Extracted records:
# # #

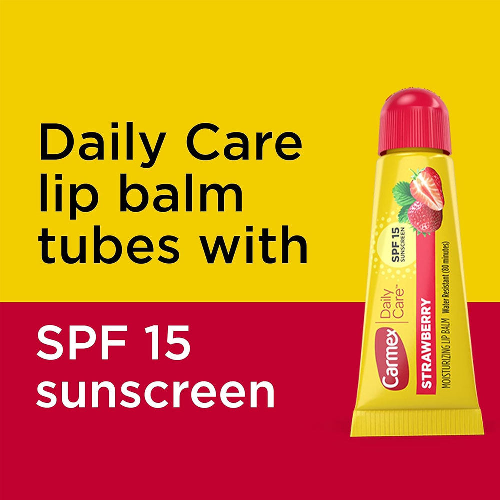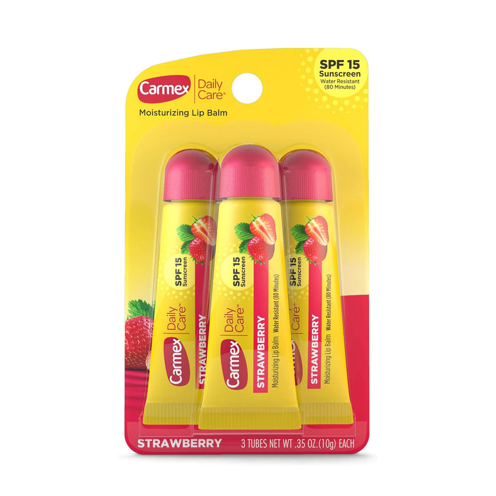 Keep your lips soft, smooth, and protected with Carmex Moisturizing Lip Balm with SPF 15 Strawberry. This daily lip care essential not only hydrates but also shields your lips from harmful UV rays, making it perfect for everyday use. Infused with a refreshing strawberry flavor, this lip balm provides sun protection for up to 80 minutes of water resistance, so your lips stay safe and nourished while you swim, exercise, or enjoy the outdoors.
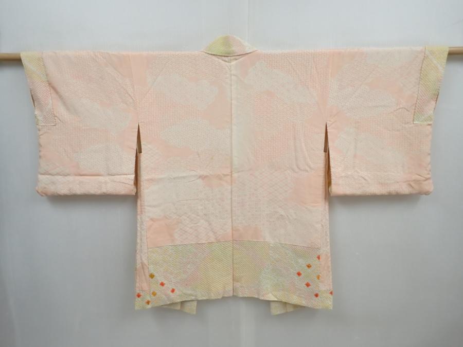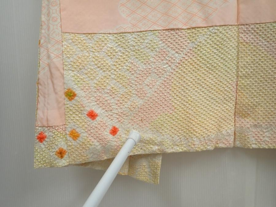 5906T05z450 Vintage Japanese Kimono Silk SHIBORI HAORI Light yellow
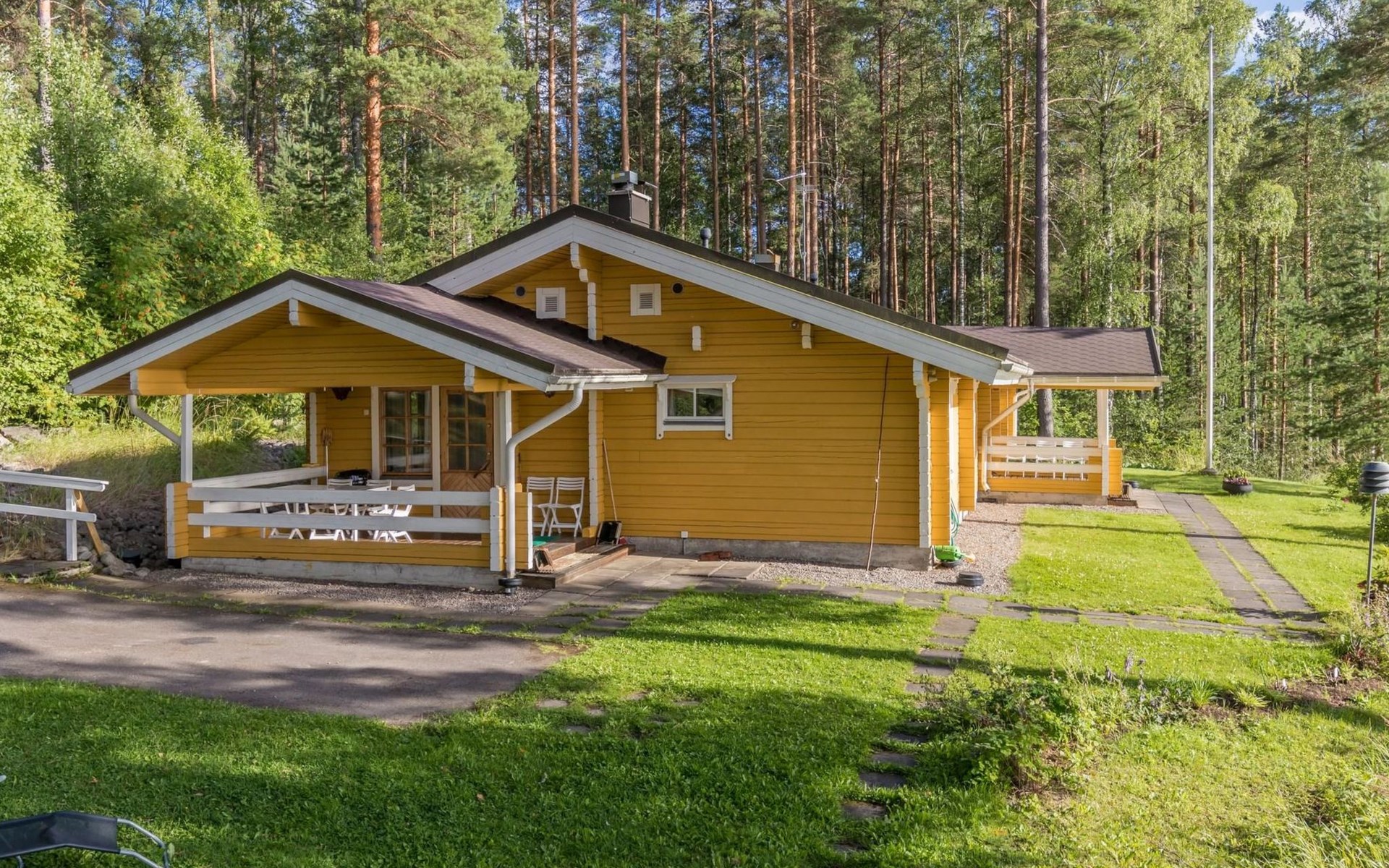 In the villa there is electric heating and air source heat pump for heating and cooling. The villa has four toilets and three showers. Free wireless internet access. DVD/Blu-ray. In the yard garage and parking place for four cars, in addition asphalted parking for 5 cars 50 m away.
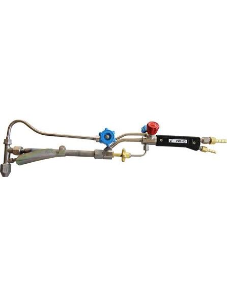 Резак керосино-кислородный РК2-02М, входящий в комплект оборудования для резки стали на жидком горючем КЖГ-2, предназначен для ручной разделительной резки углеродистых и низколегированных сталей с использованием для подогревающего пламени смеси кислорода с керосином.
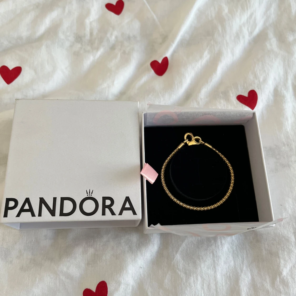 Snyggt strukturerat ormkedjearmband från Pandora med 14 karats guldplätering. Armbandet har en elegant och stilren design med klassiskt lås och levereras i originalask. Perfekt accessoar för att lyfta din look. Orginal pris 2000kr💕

# # #

Work to be completed: An exact copy of every entry above is required, without the pictures.

The completed task:
 Keep your lips soft, smooth, and protected with Carmex Moisturizing Lip Balm with SPF 15 Strawberry. This daily lip care essential not only hydrates but also shields your lips from harmful UV rays, making it perfect for everyday use. Infused with a refreshing strawberry flavor, this lip balm provides sun protection for up to 80 minutes of water resistance, so your lips stay safe and nourished while you swim, exercise, or enjoy the outdoors.
 5906T05z450 Vintage Japanese Kimono Silk SHIBORI HAORI Light yellow
 In the villa there is electric heating and air source heat pump for heating and cooling. The villa has four toilets and three showers. Free wireless internet access. DVD/Blu-ray. In the yard garage and parking place for four cars, in addition asphalted parking for 5 cars 50 m away.
 Резак керосино-кислородный РК2-02М, входящий в комплект оборудования для резки стали на жидком горючем КЖГ-2, предназначен для ручной разделительной резки углеродистых и низколегированных сталей с использованием для подогревающего пламени смеси кислорода с керосином.
 Snyggt strukturerat ormkedjearmband från Pandora med 14 karats guldplätering. Armbandet har en elegant och stilren design med klassiskt lås och levereras i originalask. Perfekt accessoar för att lyfta din look. Orginal pris 2000kr💕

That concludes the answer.